Anthropic: Founded in 2021 and headquartered in San Francisco, Anthropic has raised $18.2 billion in total funding with a valuation of $61.5 billion as of August 2025. Major investors include Amazon, Google, SAP, and Salesforce. The company’s primary model, Claude 4, launched in May 2025, includes Opus 4 and Sonnet 4 and supports hybrid reasoning, tool use, memory, and long workflows. Its Sonnet models are particularly effective for coding. The company brands itself as a leader in AI alignment and safety. While OpenAI has a meaningful consumer business with its ChatGPT app, Anthropic drives the majority of its revenue through APIs. The company has also introduced a slew of enterprise ecosystems, including Claude for Enterprise and Claude for Financial Services. In July 2025, Anthropic won a $200 million Department of Defense contract, and it has also deployed its models in federal U.S. agencies through Palantir and AWS.

Google DeepMind: Founded in 2011 and based in London, UK, DeepMind is a subsidiary of Alphabet. Its mission is to build the next generation of responsible AI that pushes toward Artificial General Intelligence. The company is known for its innovations such as AlphaFold (protein structure prediction), WaveNet (text-to-speech), GATO (multimodal LLM), Gemini Series, Veo-3 (video generation), and Lyria (music). As of August 2025, DeepMind’s efforts have primarily centered around its Gemini series of models. Many of Google’s services, such as data center cooling, Google Maps predictions, and Play Store recommendations, depend on DeepMind innovations. Beyond its AI offerings, DeepMind competes directly with Microsoft through its AI-enabled solutions across Google Workspace (Docs, Sheets, Chats, Meet). In July 2025, the company acquired the IP of Windsurf, an AI coding tool.

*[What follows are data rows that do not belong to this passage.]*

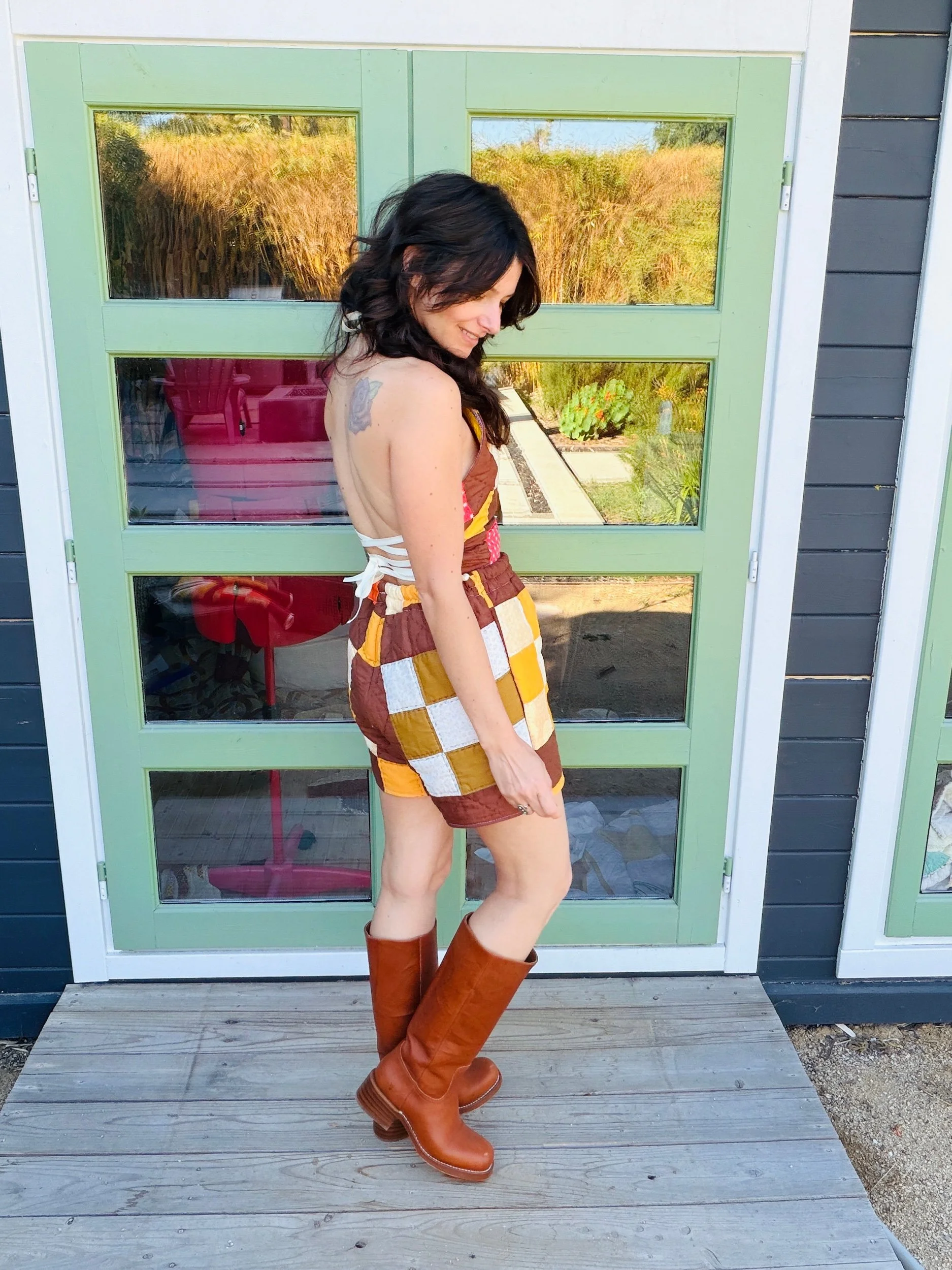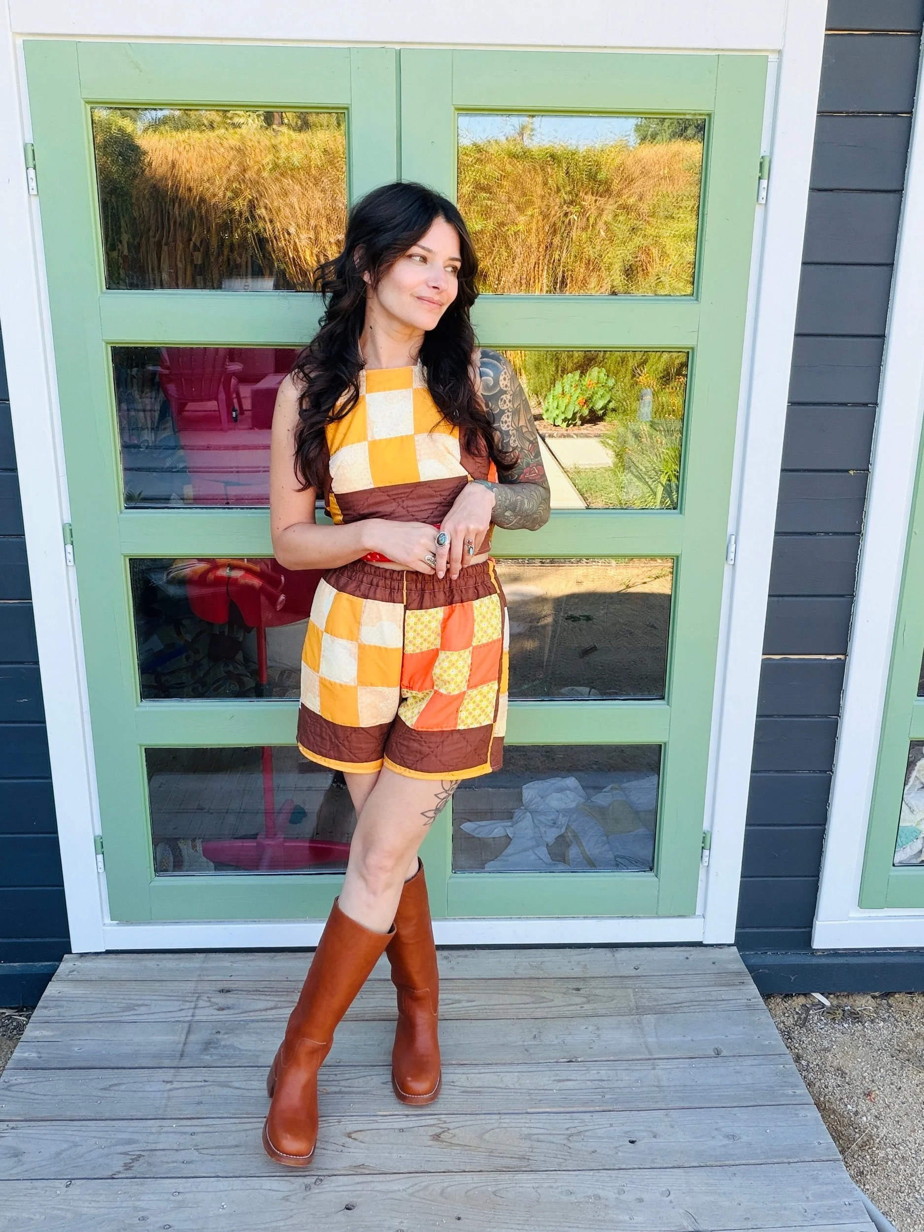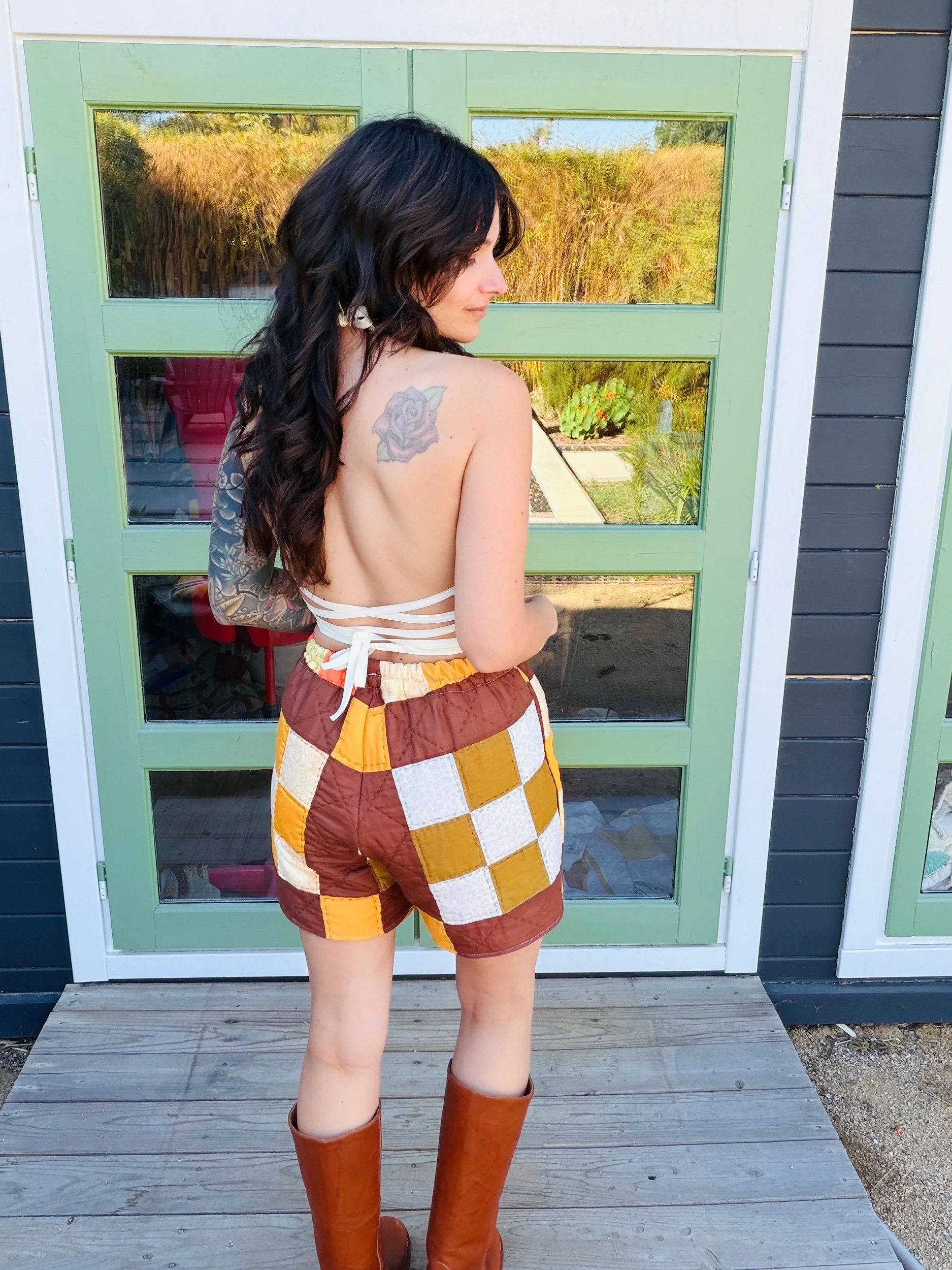 These one-of-a-kind quilt shorts are handmade by Milk Thistle Sewing using a reclaimed vintage quilt. Each pair is carefully cut and sewn to highlight the original patchwork, making every piece truly unique.
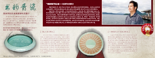 丽水学院龙泉青瓷研究院成立于2008年10月,发展至今已有工作人员20余名,其中教授4人,博士2人,研究员5人。研究院自创品牌“书韵青瓷”,其意是将文化元素与传统青瓷相融,孕育富有艺术品位的系列青瓷作品。
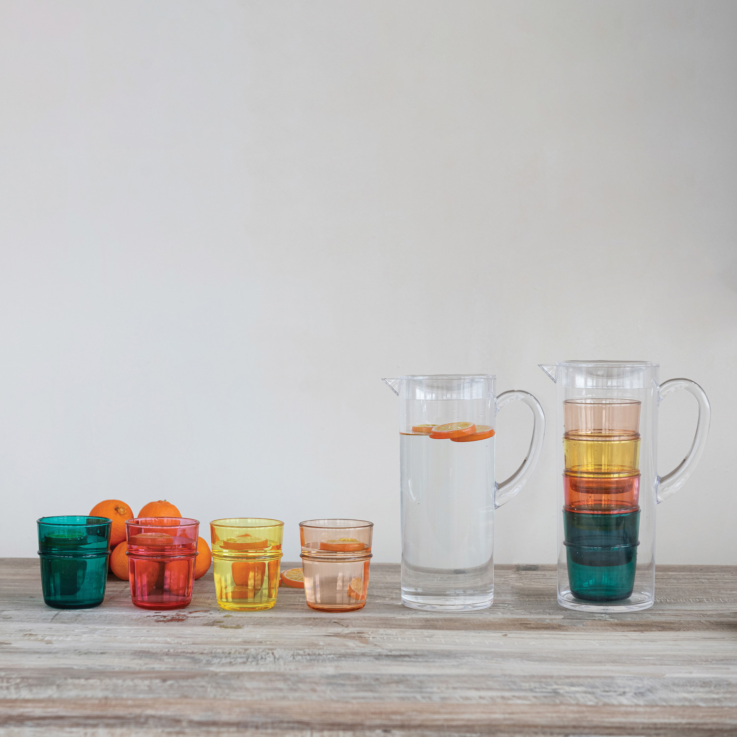 Catalog Name: 7-3/4"L x 4-1/2"W x 10-3/4"H 2 Quart Acrylic Pitcher w/ (4) 3-1/2" Round x 3"H 12 oz. Acrylic Stackable Drinking Glasses, Multi Color, Set of 5
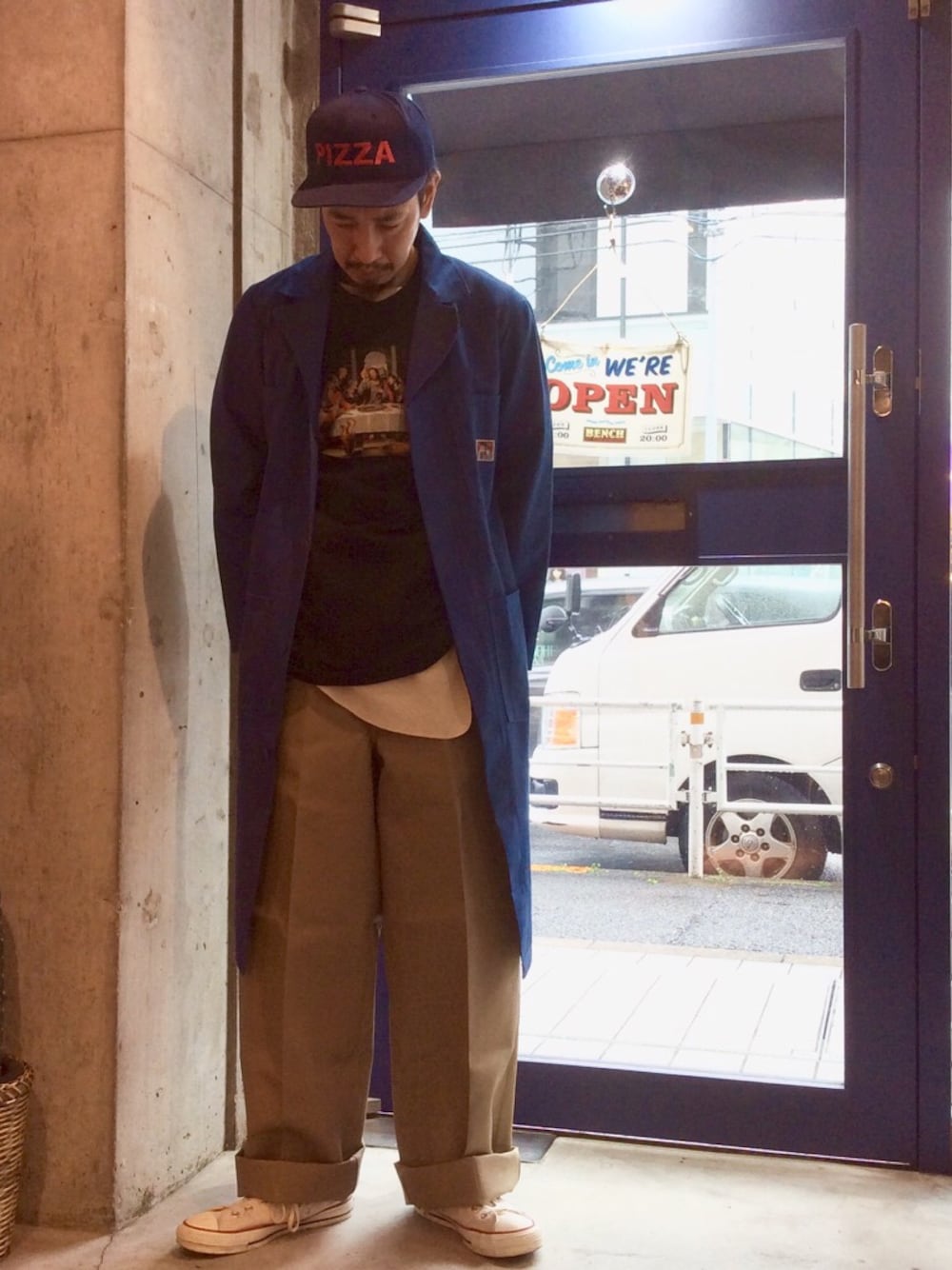 BENCH AT THE GREENEのその他アウター「USA BEN DAVIS BUTTON FRONT SHOP COAT」を使ったコーディネート
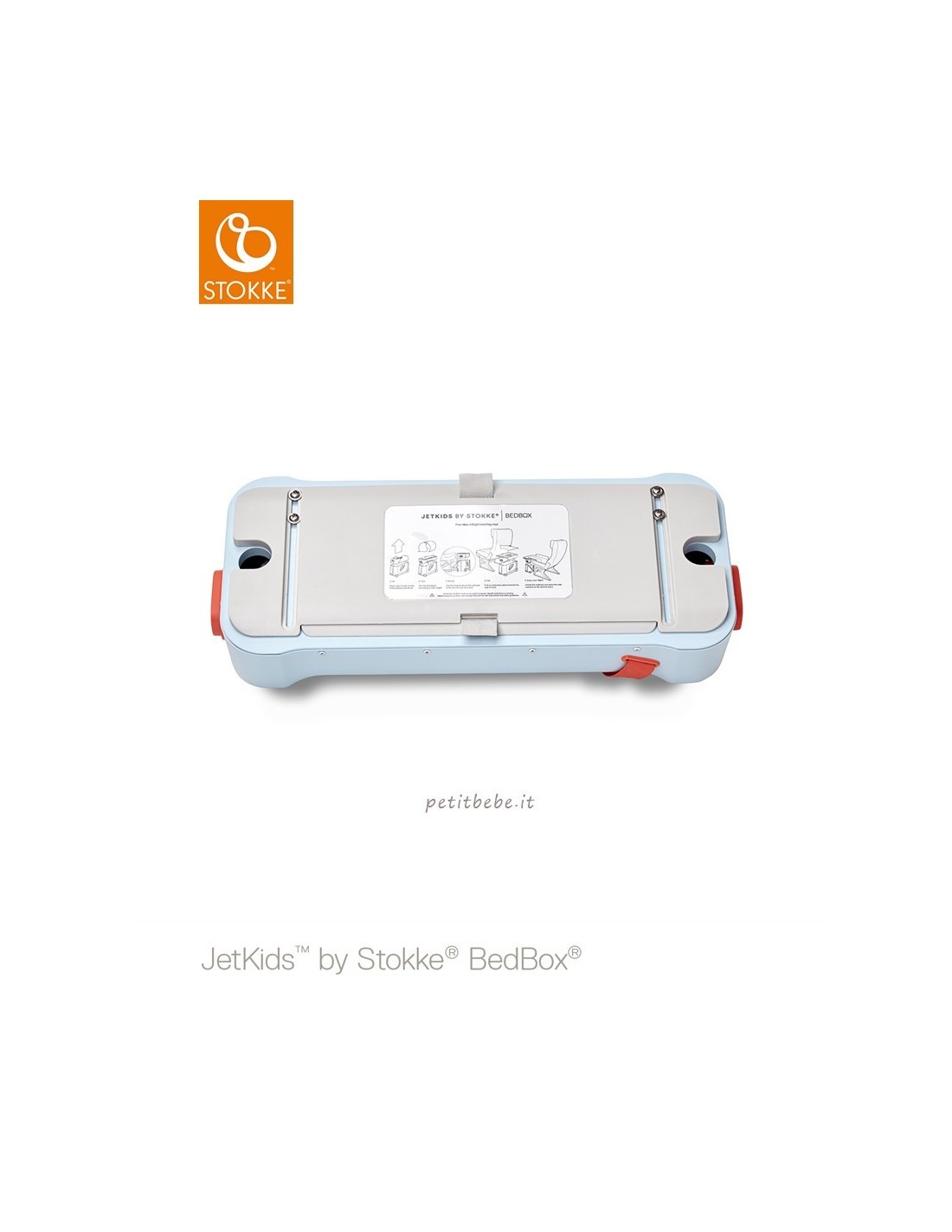 Stokke Bedbox è una valigia per bambini di alta qualità, l'unica al mondo ad essere cavalcabile e utilizzabile in volo come lettino e poggiapiedi.
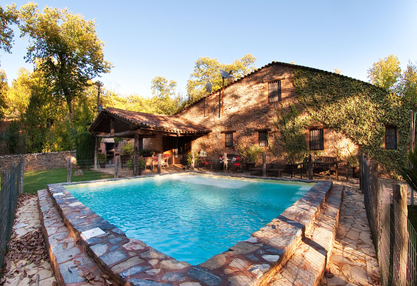 Confortable casa rural de 300 m2 construida con gruesos muros de piedra. Suelo de madera de roble. Ventanas y vigas de madera de castaño. Tejado de teja árabe. A/A. Dos porches de 40 m2 cada uno. Piscina de agua salada, amplia zona de césped y barbacoa.

Mistral AI: Founded in 2023 and based in Paris, Mistral AI has distinguished itself by taking an open-source approach to AI development, focusing on smaller but highly efficient pure transformer models like Mistral 8B. The company’s models are most comparable to AI21’s Jamba Series, with a mixture of expert setups, high performance on reasoning, and fast inference times. With backing from a16z, Index Ventures, Lightspeed, and Redpoint, Mistral focuses on creating efficient, open-source models for developers, academics, and enterprises looking for alternatives to proprietary AI systems. As of August 2025, Mistral has raised $1 billion total at a $6 billion valuation. It's Le Chat Enterprise, launched in July 2025, integrates with enterprise systems like Google Drive, SharePoint, OneDrive, Gmail, and Calendar. Notable enterprise clients include BNP Paribas, Cisco, CloudFlare, Harvey, IBM, and HuggingFace.

Meta: Based in Menlo Park, CA, Meta has taken a deliberate position in open-source AI development with models like Llama 4 (text), Emu (image), and AudioCraft (audio). Meta has aligned itself with various cloud providers, including AWS, Google Cloud, and Microsoft Azure, to ensure broad accessibility to its models. In June 2025, Meta announced the creation of its Meta Superintelligence Lab with the acquisition of Scale AI. The Lab oversees its most ambitious projects and is in discussions to abandon its open-sourced Llama models in favor of closed ones.

Foundational Models for Mainly Enterprises:

Cohere: Founded in 2019 in Toronto, Canada, Cohere focuses on building enterprise-level LLMs tailored to specific customer requirements. Cohere emphasizes a cloud-agnostic approach, working across Google Cloud, Oracle, and AWS, enabling flexibility for businesses looking to integrate AI solutions. Its primary models, such as Command, focus on providing enterprise customers with customizable text generation capabilities for tasks like customer support, automation, and content generation. Its strategic partners include Oracle, Accenture, McKinsey, and RBC, among others. It is backed by Oracle, SAP, Tiger Global, and Salesforce. As of August 2025, Cohere had raised $1.6 billion with a valuation of $6.3 billion.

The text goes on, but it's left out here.